A lot of people can take good pictures. Better pictures come when you recognize a great opportunity, plan for something, or wait for something to happen that makes an extraordinary image.
All those things also go into making a good newspaper photo. But there is “something” else. It comes from years of photographing ground-breakings, ribbon cuttings and press conferences. And high school basketball practice, and people in offices or in their living rooms who say "What do you want me to do?” It is far more common that we don’t have time to plan, don’t have the option of waiting, or are headed to another assignment when we serendipitously stumble across something else - and can’t stop to see what develops. That’s when experience comes into play.

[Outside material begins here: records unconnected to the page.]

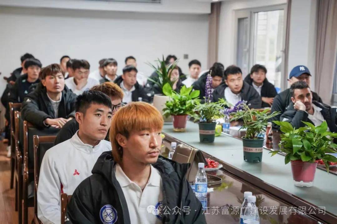 4月2日上午,江苏富源广建设发展有限公司邀请无锡吴钩足球俱乐部全体教练员、球员及工作人员来公司总部参观交流。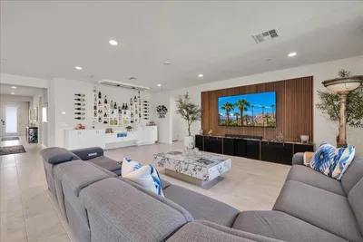 Location, location, location. Enjoy panoramic mountain views from the moment you drive up and throughout your time at this exceptional home in La Quinta. Perfectly oriented to capture natural light, the home stays bright all day, with winter sun gently warming the interior--creating a comfortable and inviting atmosphere year-round. The spacious floor plan is thoughtfully designed and enhanced by numerous upgrades, including owned 6.3 kW solar. Take in stunning mountain views from the front, back, and both sides, all while enjoying a rare level of privacy. With generous space between neighboring homes, NO city construction plans adjacent to this home, NO visible power lines, NO street noise, NO see-through builder grade fencing to ruin your events or a quiet day of tanning. This property offers a truly peaceful and secluded setting. The backyard features expansive sky views alongside breathtaking mountain scenery, with no overlooking neighbors. The outdoor space is a private resort. Lush, temperature-sensitive artificial turf stays cooler than traditional options, replacing the typical ''concrete desert'' feel with a vibrant sea of green. A custom oversized pool and spa are paired with high-capacity, quietly operating equipment for efficiency and Pool equipment is highly upgraded. The yard blends colorful landscaping, sparkling blue water, and greenery so seamlessly that it feels worlds away from the desert. Inside, the home offers abundant built-in cabinetry throughout, combining style with functionality. The entire property has been designed for low maintenance and ease of living, including low utility costs through Imperial Irrigation District. Located just minutes from premier golf at PGA West, as well as dining, hiking, biking, the Empire Polo Club, and the Indian Wells Tennis Garden, this home places you at the center of the La Quinta lifestyle. From the moment you step inside, you'll know this is a special home. Set against the dramatic backdrop of the Santa Rosa and Coral Mountains, this immaculate 3,006 SF residence sits on a premium lot and has been extensively upgraded throughout. Located near The Quarry at La Quinta, it offers a rare combination of luxury, privacy, and resort-style living. La Quinta at its finest--don't miss this exceptional home in the highly desirable Cantera at Coral Mountain community.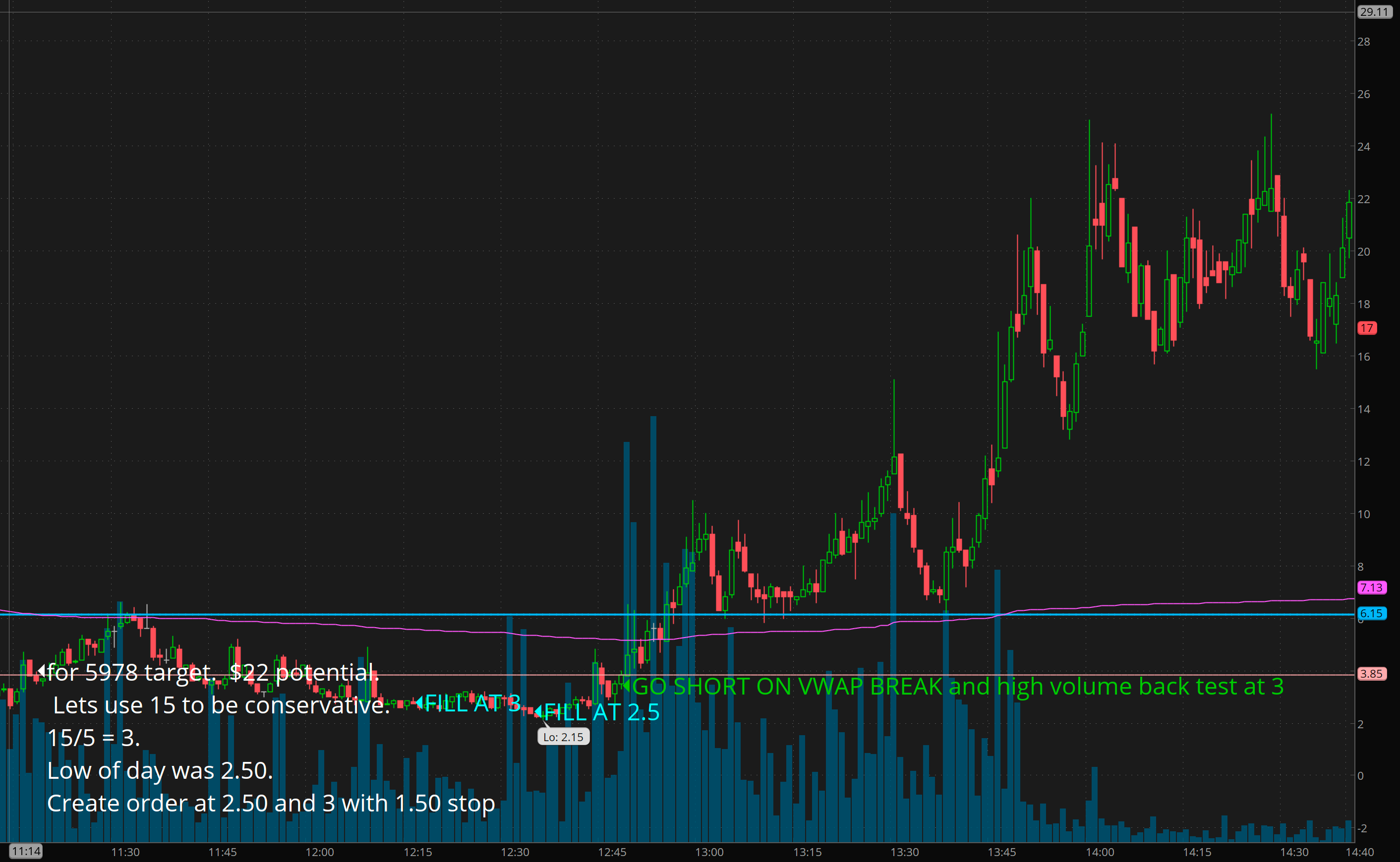 The second method requires active monitoring until I can create an algo to look for these conditions and alert me. There was a 4 minute window from time of high volume level break and vwap break to take action and enter at the “right” time for insane risk/reward.

Like when a story falls through and the newspaper needs to fill a hole on a page and you’re told to get a “piece of weather art.” That assignment usually comes right on deadline, and always when you’re in the wrong place at the wrong time (plus, it’s really irksome that editors call our work “art,” when everything else in the paper is “journalism.”)
What do you do with you do when you get the request to “find a weather photo?” And it’s already dark out.
My colleague Charles Fox and I got that last minute, deadline assignment one night recently. He was in Philadelphia, I was in New Jersey, but we both independently knew we had to find some “light.” He headed toward the illuminated public art installed a few years ago in the once-dark tunnel under I-95 and the entrance to the elevated SEPTA Spring Garden Station.
I headed to a skating rink in Cherry Hill. I had photographed the WinterFest ice skating rink at Cooper River Park after it moved a mile up the river this year from Pennsauken to Cherry Hill, and remembered it had lights in the trees, and neon-colored lighting banks all around the ice. That’s the photo at the top (a slow shutter speed and panning with the skater helped).
We both work a night shift and that often actually helps sometimes. Again, we both recently also shot an exterior assignment - he a suburban hospital and me, the installation of a public sculpture. And Again, coincidentally and independently, we both shot the assignment in daylight, but after shooting other assignments nearby, we both ended up returning to reshoot them during twilight.